Physicians who serve as expert consultants often keep their day jobs while providing honest, objective opinions about medical cases on the side, says DeBlasio.
"In terms of earning extra money, it's probably the easiest and best way to do it," says DeBlasio, noting that his consultants earn up to $375 per hour for reviewing cases, and $6,000 a day plus expenses if a case goes to trial.
The other great perk about serving as an expert consultant is that it's less stressful than other revenue-boosting options, like moonlighting, he says. "You do it in your leisure time, you don't have to worry about medical malpractice because you're just giving an opinion, and it also makes us a better doctor by reviewing how people are dealing with certain situations."
Revenue Booster #4: Wellness Programs
The Affordable Care Act is ushering in many changes for physicians, some of which could present revenue boosting opportunities, says Dahl.

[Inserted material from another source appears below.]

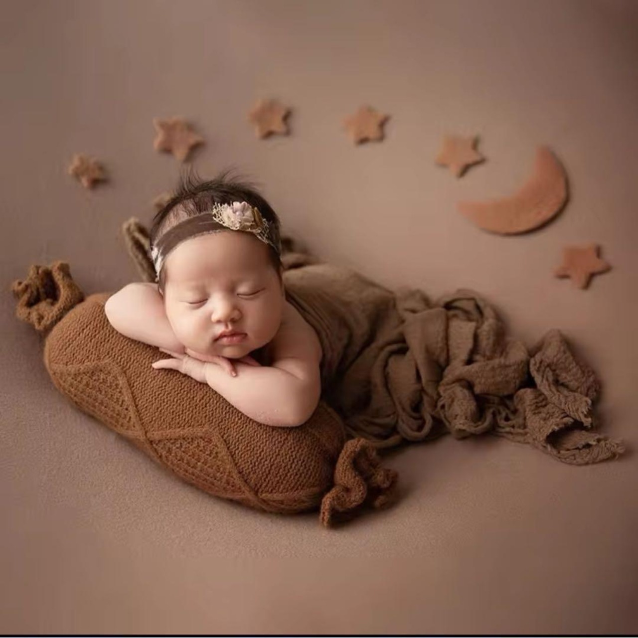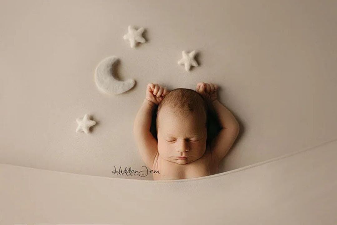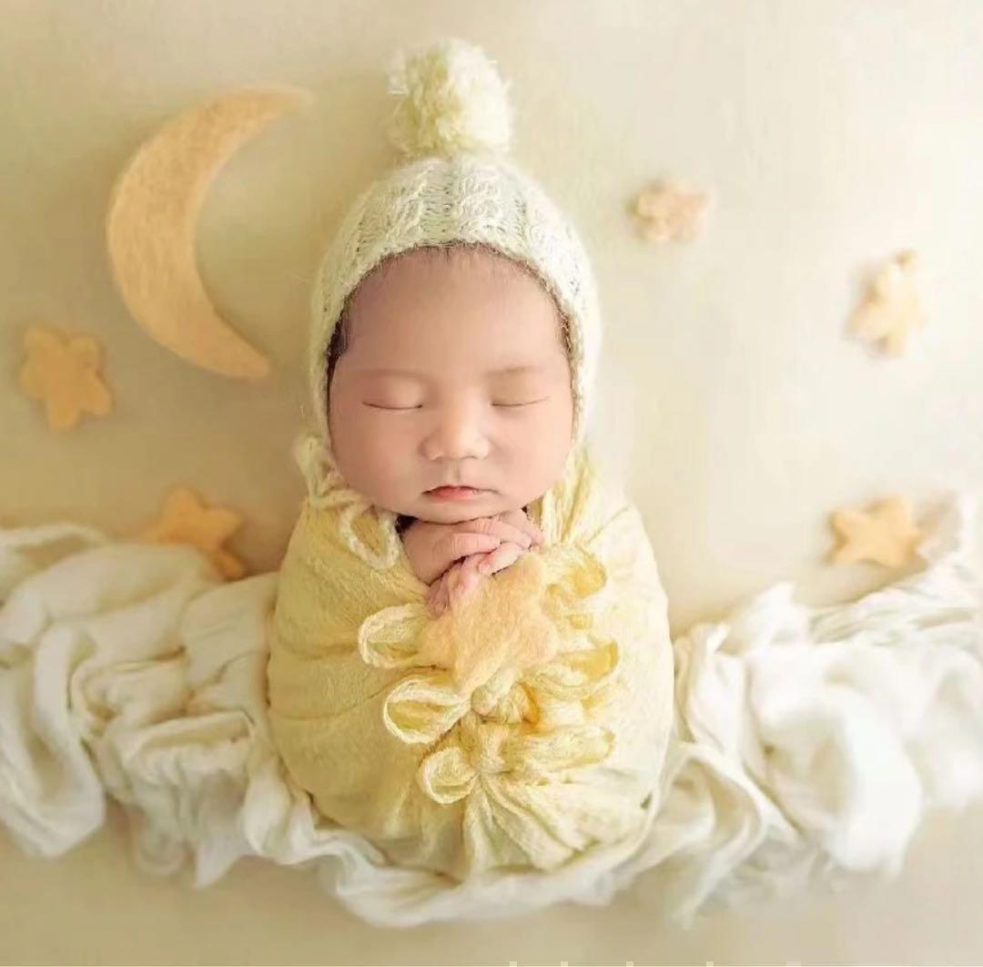 ニューボーンフォトにぴったりの羊毛フェルトで作ったムーン、スターの6個セットになります。

"One of the things that I've been encouraging my clients to do is to look at a wellness program," he says, noting that as emphasis on preventative medicine increases, and more employers shoulder the burden of providing insurance to employees, such programs will become more popular.
Here's how that could help you.
In 2014, businesses with 50 or more full-time employees will be required to provide health insurance to their employees or pay a fine.
Practices, or even sole physicians within practices, could look to affiliate with nutritionists for dietary programs, and fitness centers for exercise programs, says Dahl. The goal would be to develop a partnership with these individuals, then target employers who might be interested in paying for these wellness services.
The demand will be there because these large employers will want to take steps to keep their employees healthier in order to reduce their health insurance costs.
"There might be some way that those entities could work together, and then go to employers and offer employers package deals that would say, 'We will give your employees a physical, we will help monitor their nutritional components, and we will help monitor their exercise activity,' and they'd do that for a certain fee," says Dahl. "I think there's a lot of room for some affiliations and some program development."